[Task objective] Your task is to transcribe all the entries exactly, excluding pictures.
/---
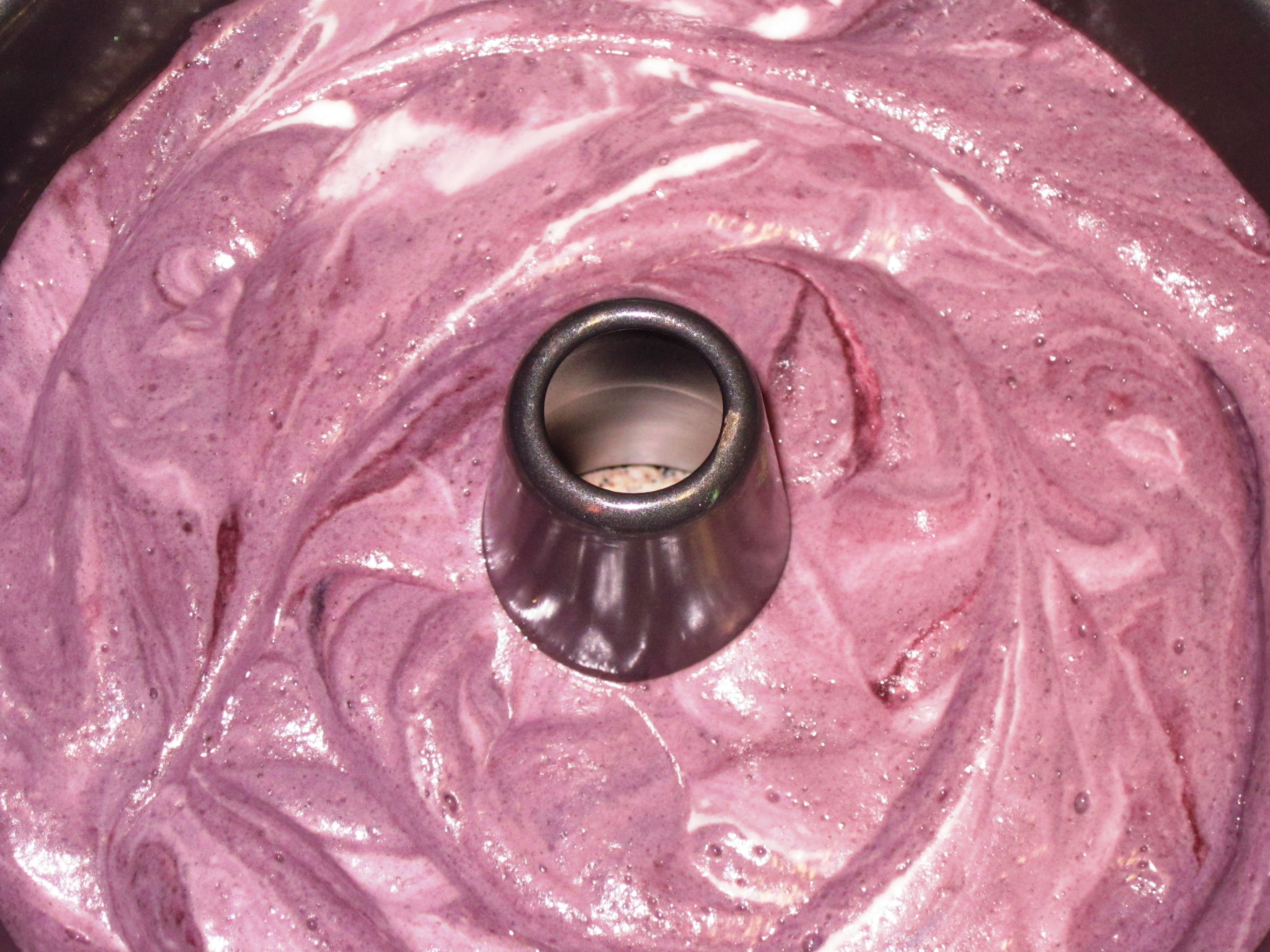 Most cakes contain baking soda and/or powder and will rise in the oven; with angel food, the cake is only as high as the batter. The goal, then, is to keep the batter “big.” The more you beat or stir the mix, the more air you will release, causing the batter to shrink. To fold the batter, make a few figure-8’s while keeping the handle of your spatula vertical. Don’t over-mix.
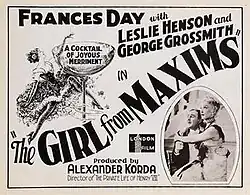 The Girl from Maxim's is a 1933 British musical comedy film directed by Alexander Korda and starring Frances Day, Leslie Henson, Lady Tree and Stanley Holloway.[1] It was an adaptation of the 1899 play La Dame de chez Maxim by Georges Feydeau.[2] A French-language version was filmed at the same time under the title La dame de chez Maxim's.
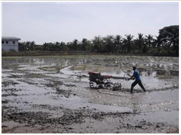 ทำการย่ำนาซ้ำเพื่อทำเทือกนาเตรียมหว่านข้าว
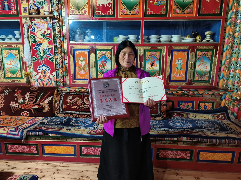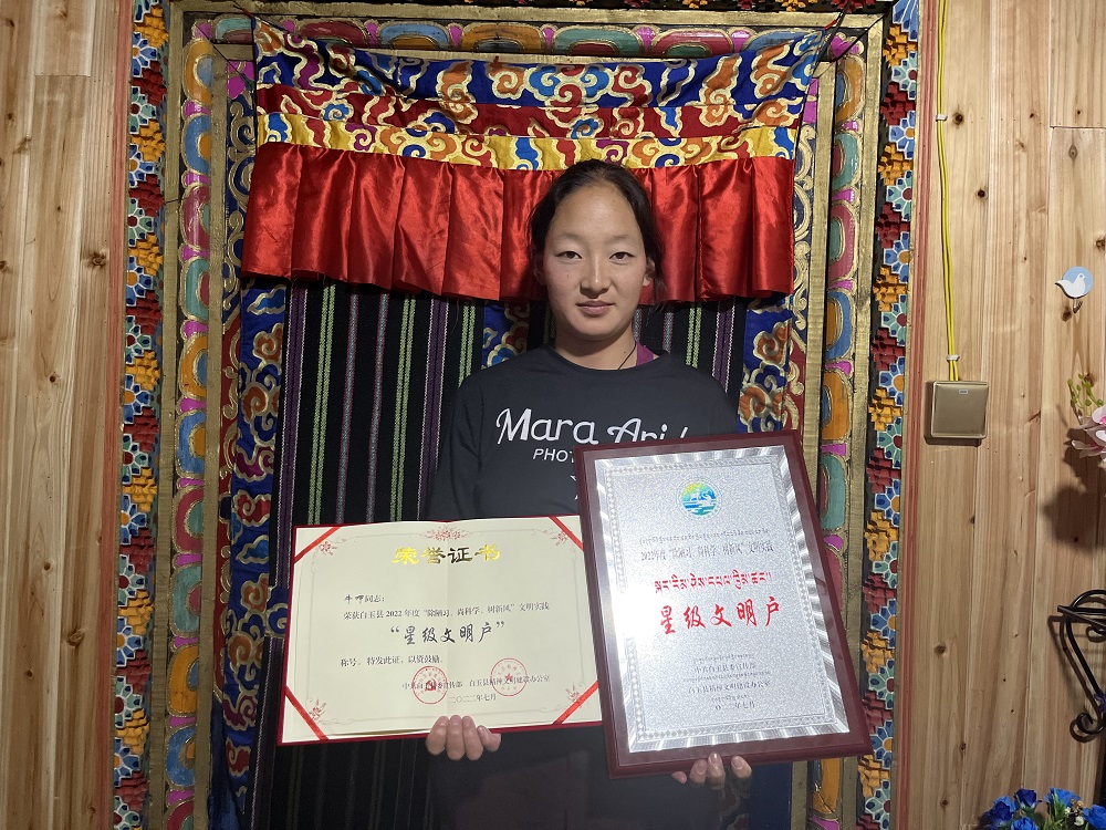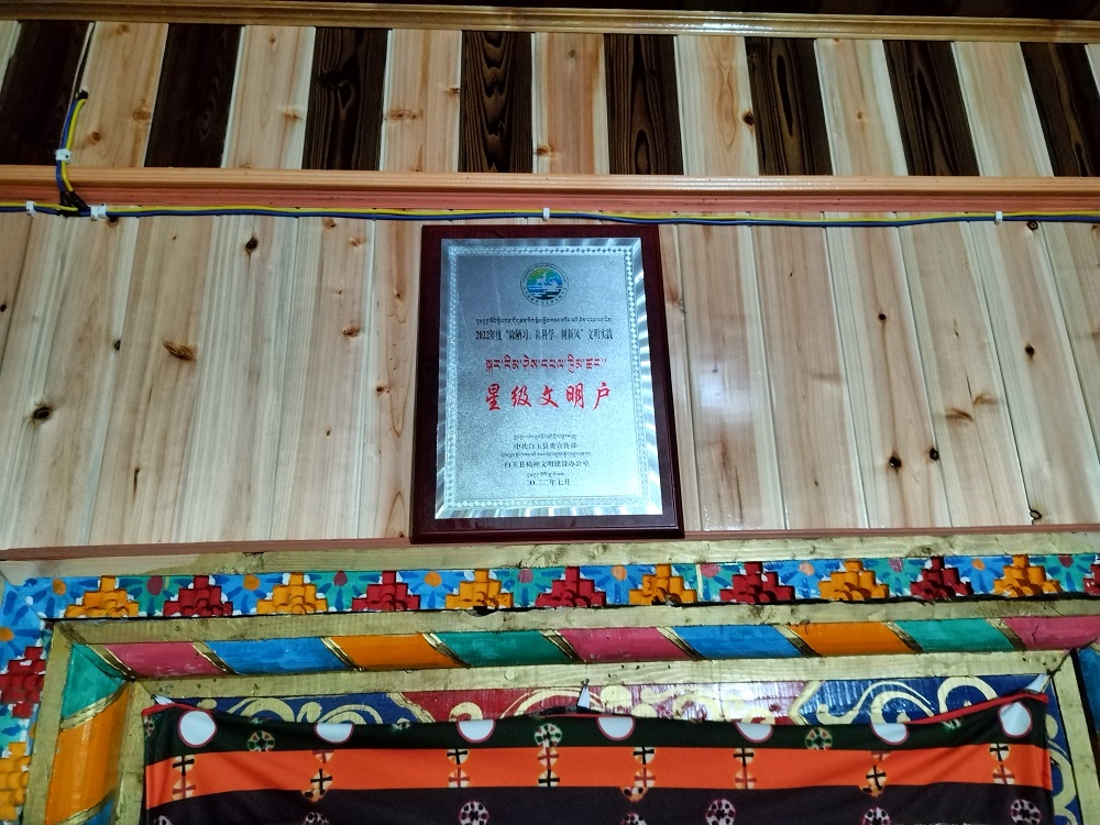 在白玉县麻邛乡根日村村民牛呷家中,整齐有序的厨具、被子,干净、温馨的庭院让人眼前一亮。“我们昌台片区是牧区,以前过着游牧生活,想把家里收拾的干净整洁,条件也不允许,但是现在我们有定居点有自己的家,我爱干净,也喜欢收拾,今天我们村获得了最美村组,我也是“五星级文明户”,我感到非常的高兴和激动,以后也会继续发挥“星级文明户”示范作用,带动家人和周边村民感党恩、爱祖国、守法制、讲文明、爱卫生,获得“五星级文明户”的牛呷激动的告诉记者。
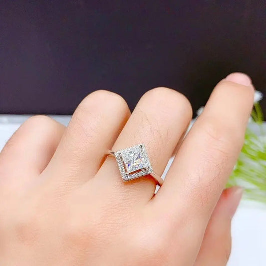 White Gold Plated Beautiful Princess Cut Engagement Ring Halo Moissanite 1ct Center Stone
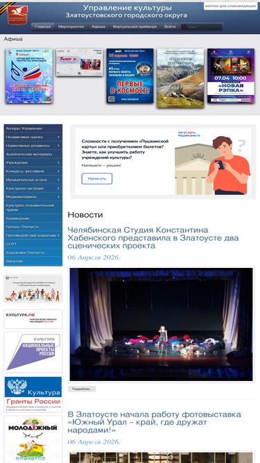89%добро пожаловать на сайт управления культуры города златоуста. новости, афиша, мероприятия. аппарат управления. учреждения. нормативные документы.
\---
[Expected output]
 Most cakes contain baking soda and/or powder and will rise in the oven; with angel food, the cake is only as high as the batter. The goal, then, is to keep the batter “big.” The more you beat or stir the mix, the more air you will release, causing the batter to shrink. To fold the batter, make a few figure-8’s while keeping the handle of your spatula vertical. Don’t over-mix.
 The Girl from Maxim's is a 1933 British musical comedy film directed by Alexander Korda and starring Frances Day, Leslie Henson, Lady Tree and Stanley Holloway.[1] It was an adaptation of the 1899 play La Dame de chez Maxim by Georges Feydeau.[2] A French-language version was filmed at the same time under the title La dame de chez Maxim's.
 ทำการย่ำนาซ้ำเพื่อทำเทือกนาเตรียมหว่านข้าว
 在白玉县麻邛乡根日村村民牛呷家中,整齐有序的厨具、被子,干净、温馨的庭院让人眼前一亮。“我们昌台片区是牧区,以前过着游牧生活,想把家里收拾的干净整洁,条件也不允许,但是现在我们有定居点有自己的家,我爱干净,也喜欢收拾,今天我们村获得了最美村组,我也是“五星级文明户”,我感到非常的高兴和激动,以后也会继续发挥“星级文明户”示范作用,带动家人和周边村民感党恩、爱祖国、守法制、讲文明、爱卫生,获得“五星级文明户”的牛呷激动的告诉记者。
 White Gold Plated Beautiful Princess Cut Engagement Ring Halo Moissanite 1ct Center Stone
89%добро пожаловать на сайт управления культуры города златоуста. новости, афиша, мероприятия. аппарат управления. учреждения. нормативные документы.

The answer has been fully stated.